With the 2003 title What Night Brings, Trujillo ventures into fiction for the first time. Writing in the Lambda Book Report, Trujillo explained the genesis of her fiction writing: "I had an idea for the start of a novel, but not much else. My fiction writing skills were so poor that I felt I was in first grade learning to write again. I sat down and started writing, and though I knew my work was rough, I still wrote. At first I felt I could only write what was autobiographical. It was easier for me. I gave myself permission to write only what I knew. What I saw later, was that I was giving myself my first lesson." Trujillo continued to grow in her writing, influenced by authors such as Toni Morrison and William Faulkner, and she also took some writing workshops and classes. Soon she was allowing herself to invent on the page, moving away from pure autobiography.

The result is What Night Brings, "a lively, picaresque tale, told in the world-weary but ever hopeful voice of twelve-year-old Marci Cruz," as a contributor to Publishers Weekly observed. Marci is the daughter of a passive-aggressive father, who alternately beats and embraces his children, and manages to fool his wife, Delia, about his drinking and womanizing. Marci learns how to outwit her father, even attempting to take photos of him with his girlfriends.
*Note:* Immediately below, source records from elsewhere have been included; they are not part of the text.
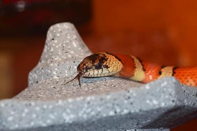 Keywords: snake non toxic constrictor reptile terraristik yellow king snake red scale terrarium creature head tongue close natter
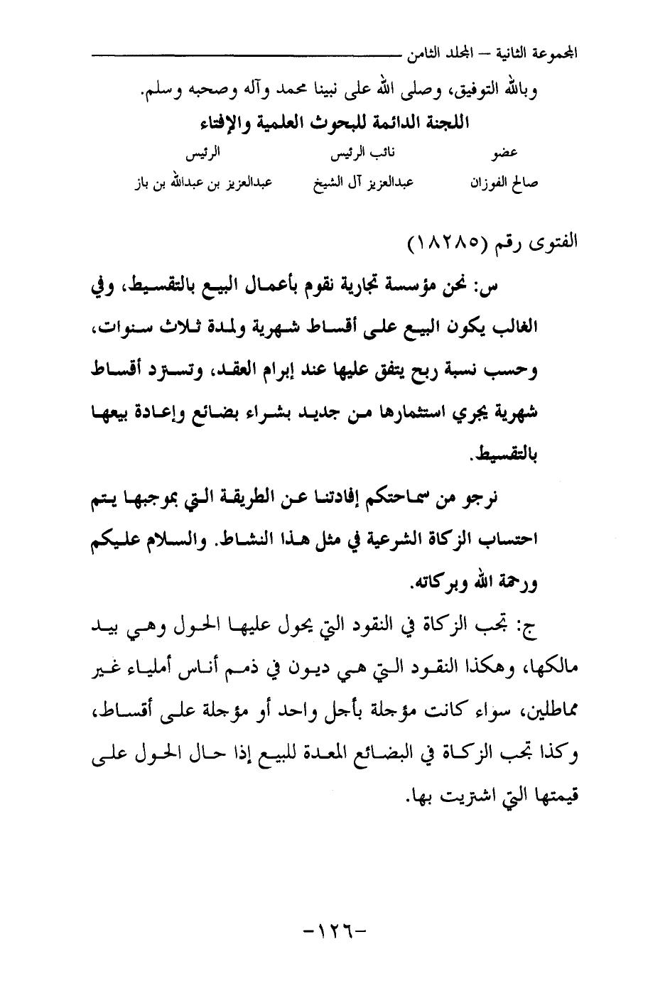 س: نحن مؤسسة تجارية نقوم بأعمال البيع بالتقسيط، وفي الغالب يكون البيع على أقساط شهرية ولمدة ثلاث سنوات، وحسب نسبة ربح يتفق عليها عند إبرام العقد، وتسترد أقساط شهرية يجري استثمارها من جديد بشراء بضائع وإعادة بيعها بالتقسيط.
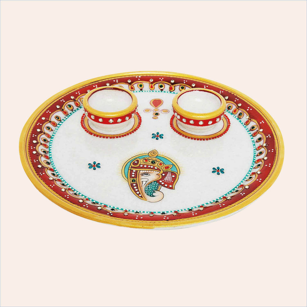 Marble Plate for Puja with Handpainted Ganesha and Two Diyas - 9 in
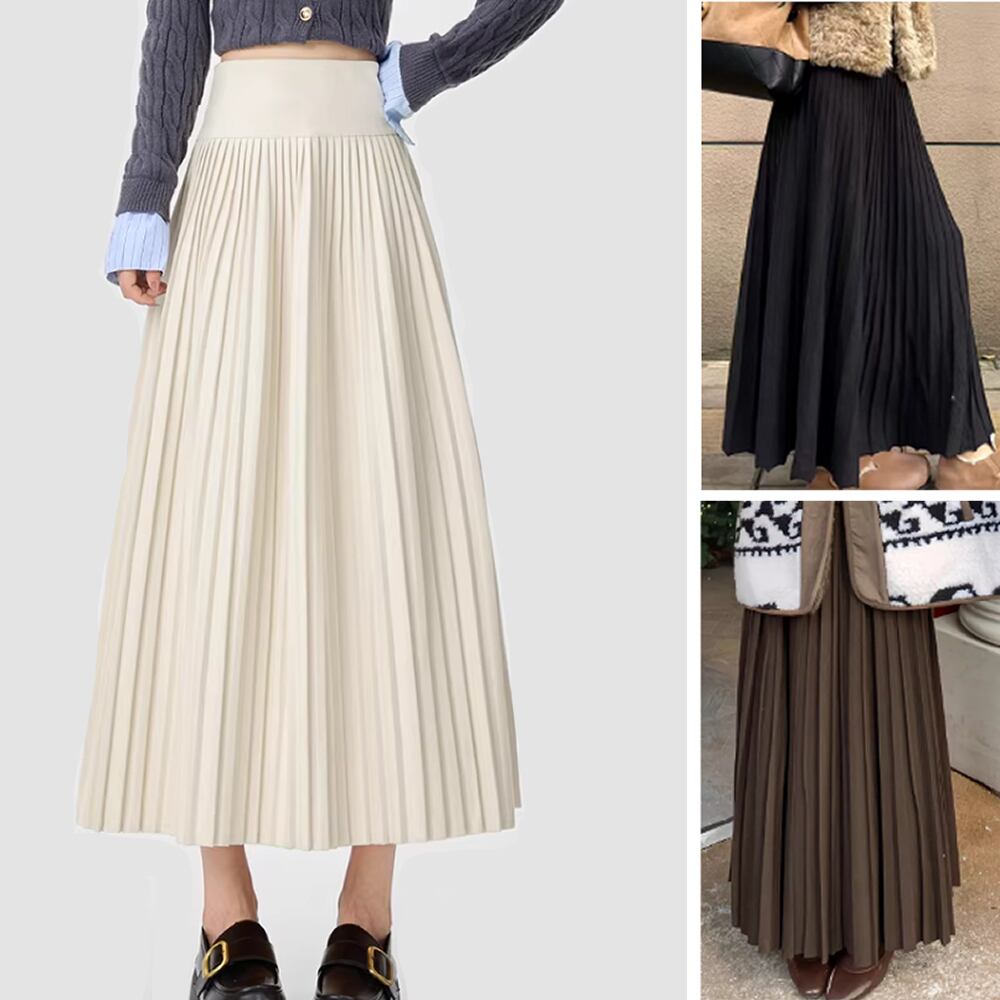 レディース プリーツスカート ロング丈 アプリコット ブラック カーキ AS12923
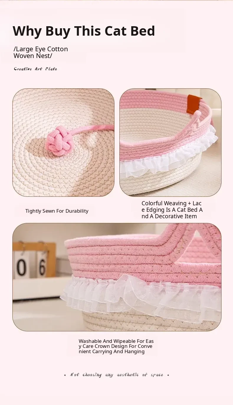 【All-Cotton Rope Braid】Princess-Style Skirted Bed Nest
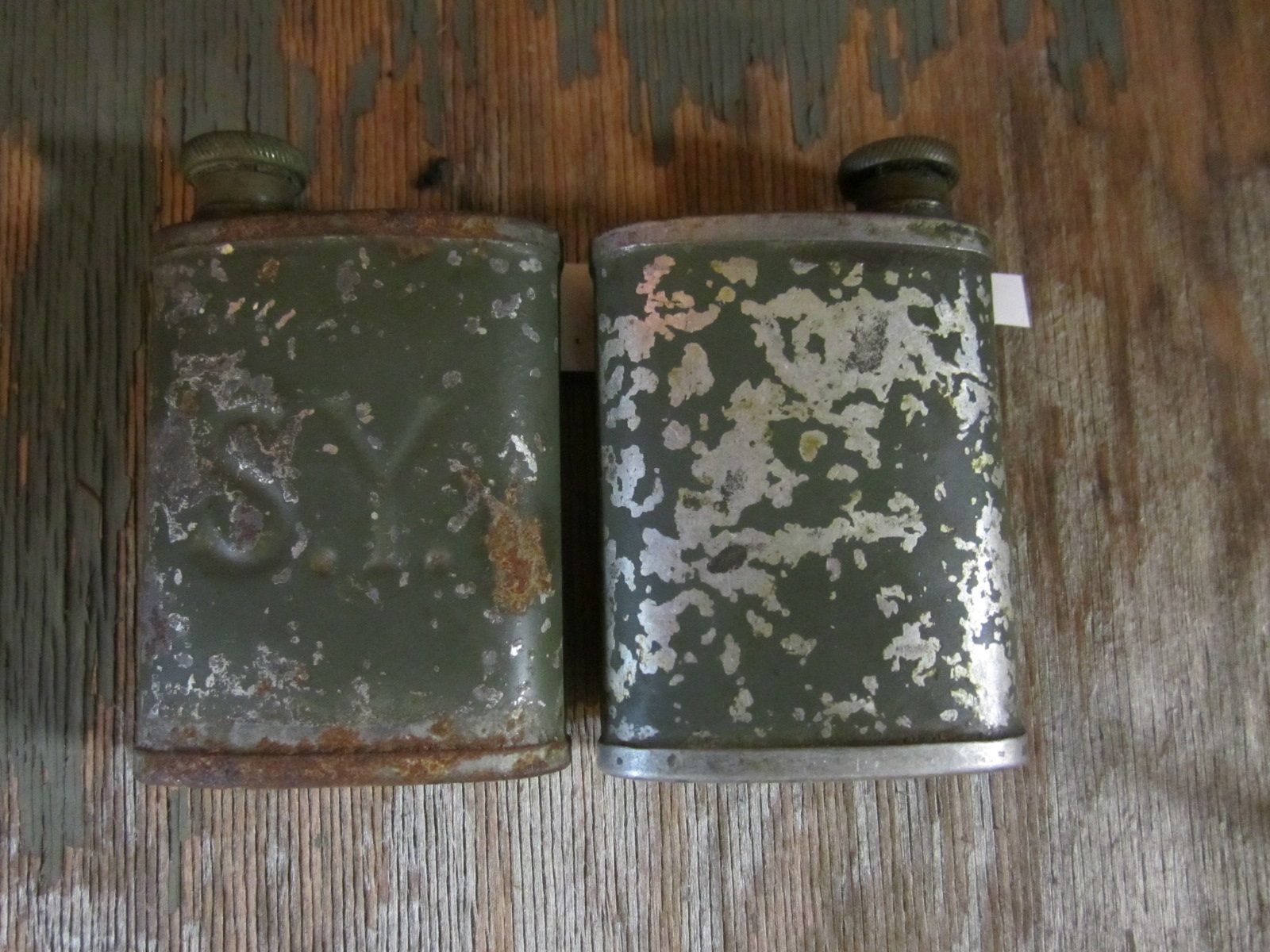 Suojeluskuntainyliesikunta aseöljypullo 1920-luku -31/34. Peltinen 8 cm korkea ja 5 cm leveä öljypullo. Kyljessä painokuviona S.Y. Korkissa on öljyämispuikko.
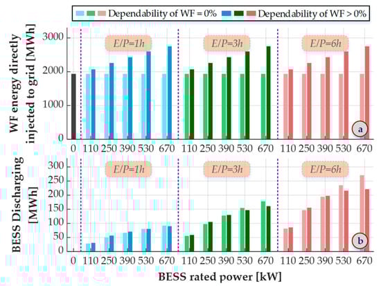 Effect of WF enhanced dependability through the BtM storage. (a) Annual WF energy directly injected to the NII system and (b) annual energy discharge of the BtM BESS, for BESS configurations of 1 h, 3 h, and 6 h durations.
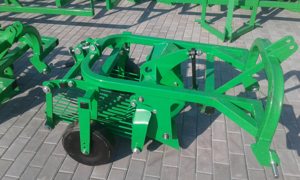 Картофелекопалка вибрационная 1 рядная Bomet – это навесное оборудование, которое используется при сборе урожая картофеля. Передний нож врезается в картофеленесущий ряд и поднимает землю с картофелем на копалку, на ней установлены прутья, через которые под вибрациями просыпается земля, и на поверхность высыпается картофель.
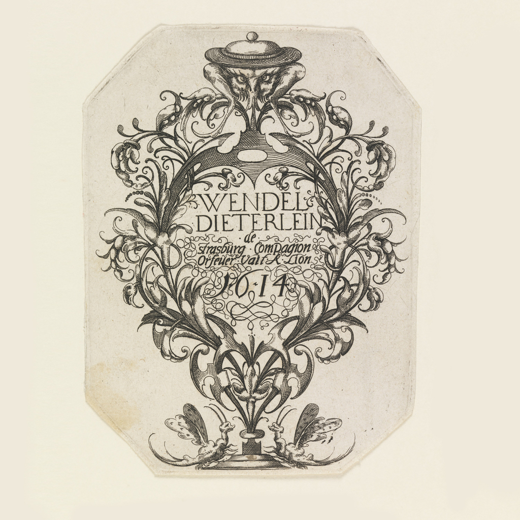 Inscribed in plate: WENDEL / DIETERLEIN / de strasburg Compagnon / orfeuer vait A Lion / 1614
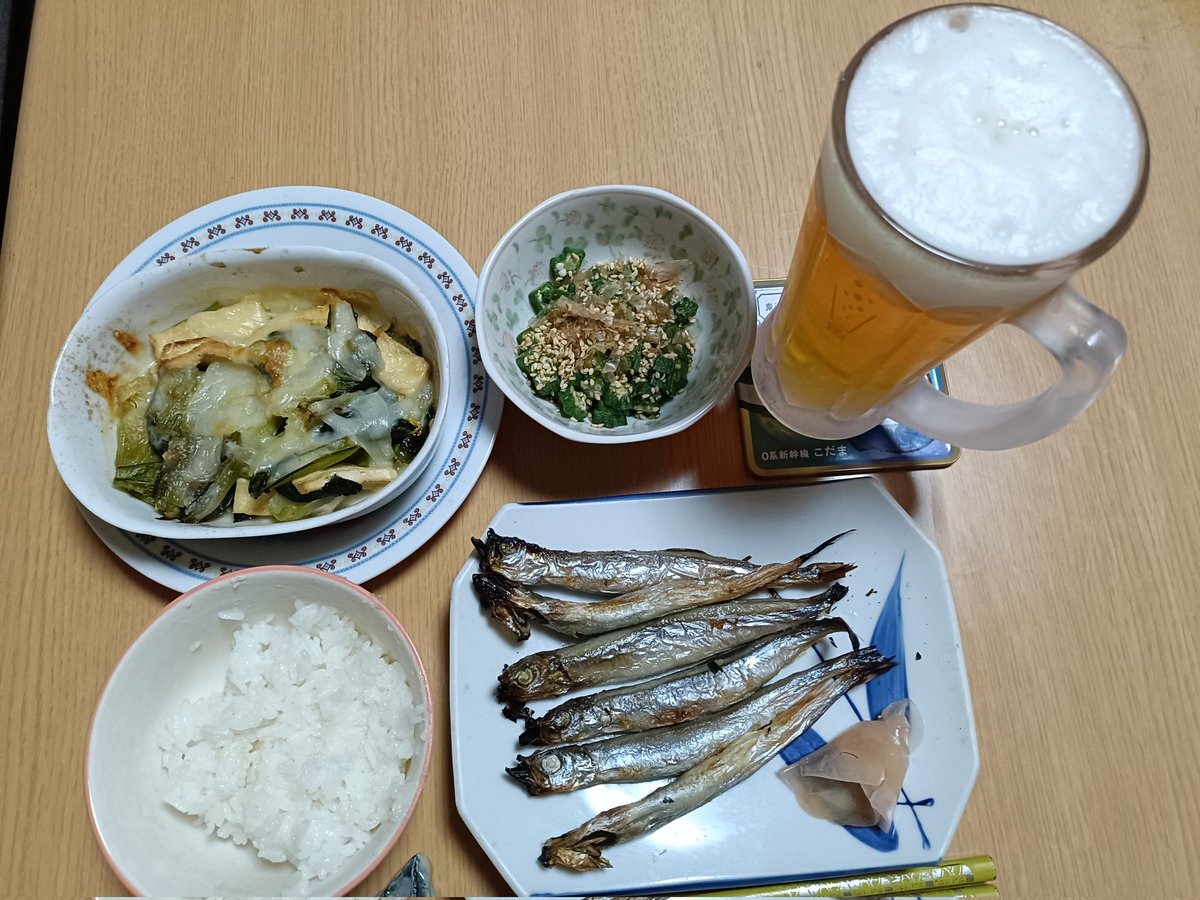 今日もお疲れ様でした🙇 夕食は好きな順に、🍺各酒、小松菜のグラタン、ししゃも、オクラのかつおかけ、生姜、🍚😋 大谷翔平3年連続4度目全て満票で両リーグ受賞は初が取れたのは良かったですが、THE柳沢慎吾劇場一般発売すっかり忘れてて気付いた12時過ぎに残ってるはずも泣く😭も、祝杯🍻😍(笑) pic.x.com/3eRa5I3lyQ
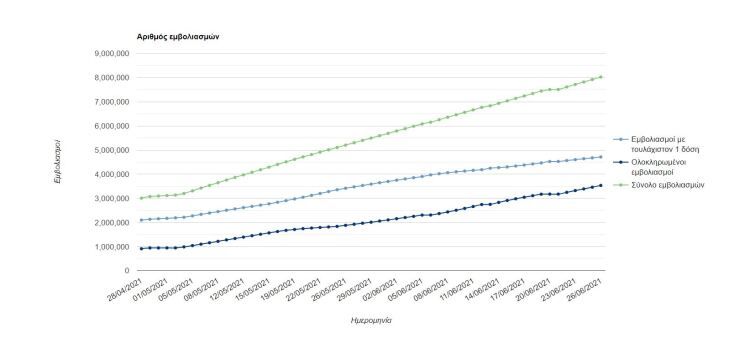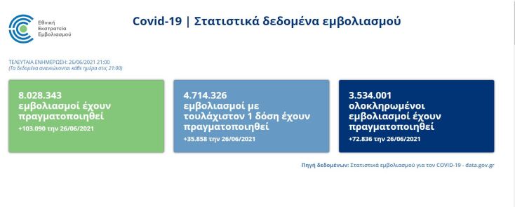 Σύμφωνα με τα νέα διαθέσιμα στοιχεία στην πλατφόρμα emvolio.gov.gr που δημοσιεύτηκαν το Σάββατο 26 Ιουνίου 2021, το τελευταίο 24ωρο έγιναν 103.090 εμβολιασμοί. Από την αρχή των εμβολιασμών έχουν χορηγηθεί 8.028.343 δόσεις των εμβολίων. Με τουλάχιστον 1 δόση έχουν εμβολιαστεί 4.714.326 (+35.858) και με δύο δόσεις 3.534.001 πολίτες (+72.836).
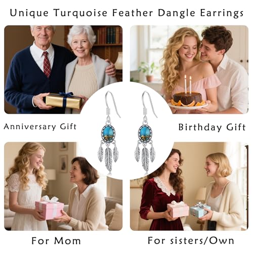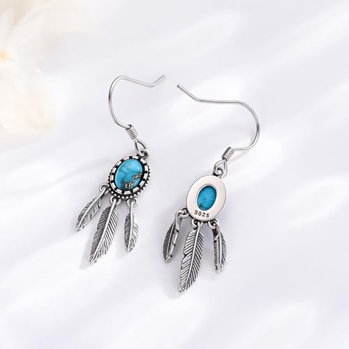 Material: Sterling SilverMetal type: SilverBack Finding: ClutchlessEarring design: DangleGem type: Turquoiseπ Turquoise Feather Earrings Design -- The combination of bohemian elegance and nature's beauty comes together in these unique earrings. Designed for the nature-loving and artistic soul, these earrings beautifully blend the vibrant allure of turquoise with the delicate grace of feathers. This combination creates a piece of jewelry that seamlessly dances between earthy charm and timeless style.π¨ Material -- The boho feather earrings is made of 925 sterling silver With natural textured turquoise, Nickel-free, Lead-free, Cadmium-free and Hypoallergenic, Especially for those with sensitive skin.π SIZE -- Turquoise Feather Earrings DesignοΌOur earrings are 23mm long and decorated with turquoise, which makes the earrings look fashion exquisite.π Elegant Jewelry Gift -- Dream catcher earrings for women.Perfect Gifts for yourself, daughter,sister, friends , wife ,business partner, on Birthday , Christmas, Thanksgiving Day, Anniversary Day,Halloween Gifts.π Our Services -- Each of our jewelry undergoes strict quality inspection before sale to ensure that customers receive the highest quality products, allowing you to buy with peace of mind. If you have any questions about jewelry, please feel free to contact us for help. Perfect for everyday use. first-class materials and excellent craftsmanship ensure long-lasting durability.
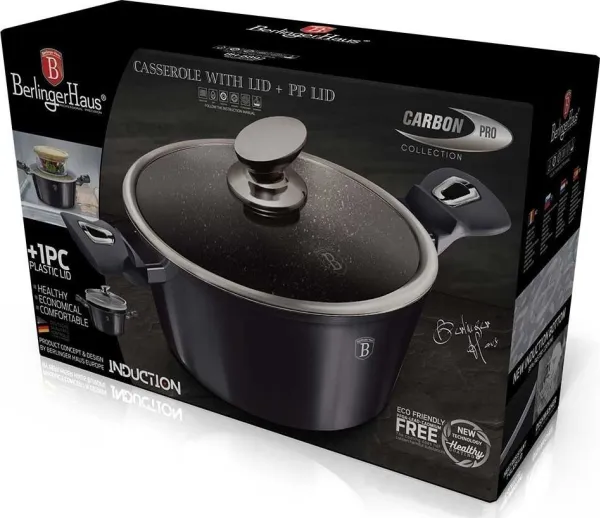 1 x Berlinger Haus - Gryde ø28 cm / 6,1L - Med glåslåg - El / Gas / Induktion - Carbon Pro Edition

She also is coming into her own sexually, finding herself attracted to other girls.

A reviewer for Publishers Weekly felt that in Trujillo's debut novel "the lesbian undercurrents are subtle and touching, by no means doctrinaire." In Kirkus Reviews a critic found What Night Brings more polemical, concluding that it is "decently told and fairly engaging, but suffused with a hatred of men so palpable that it might have been written by Andrea Dworkin." Wheatwind, reviewing the novel in the Women's Review of Books, called it "the most forthright coming-of-age story that I've read from the Chicana/Latina lesbian literary community." Fernando Ortiz, Jr., writing in Hispanic, felt that "endurance, bravery, compassion, and intelligence are the best traits of any protagonist, and Trujillo's Marci Cruz is a perfect combination of those and many more." Ortiz concluded, "This novel is an admirable introduction to Carla Trujillo, a writer to watch."

BIOGRAPHICAL AND CRITICAL SOURCES:

PERIODICALS

Hispanic, May, 2003, Fernando Ortiz, Jr., review of What Night Brings, p. 66.

Kirkus Reviews, February 15, 2003, review of What Night Brings, p. 267.

Lambda Book Report, December, 1998, Terri de la Peña, review of Living Chicana Theory, p. 22; June, 1999, Carla Trujillo, "The Writing Life: No Excuses," p. 18; April-July, 2003, Terri de la Peña, review of What Night Brings, p. 22; December, 2003-January, 2004, Lisa C. Moore, "Carla Trujillo Is Funny, Feisty, and Smart" (interview), p. 13.

Library Journal, March 15, 2003, Mary Margaret Benson, review of What Night Brings, p. 117.

Publishers Weekly, April 14, 2003, review of What Night Brings, p. 51.

Signs, summer, 1993, Alicia Gaspar de Alba, "Tortillerismo: Work by Chicana Lesbians," pp. 956-963.

Women's Review of Books, September, 1998, Marie-Elise Wheatwind, review of Living Chicana Theory, p. 18; May, 2003, Wheatwind, review of What Night Brings, p. 18.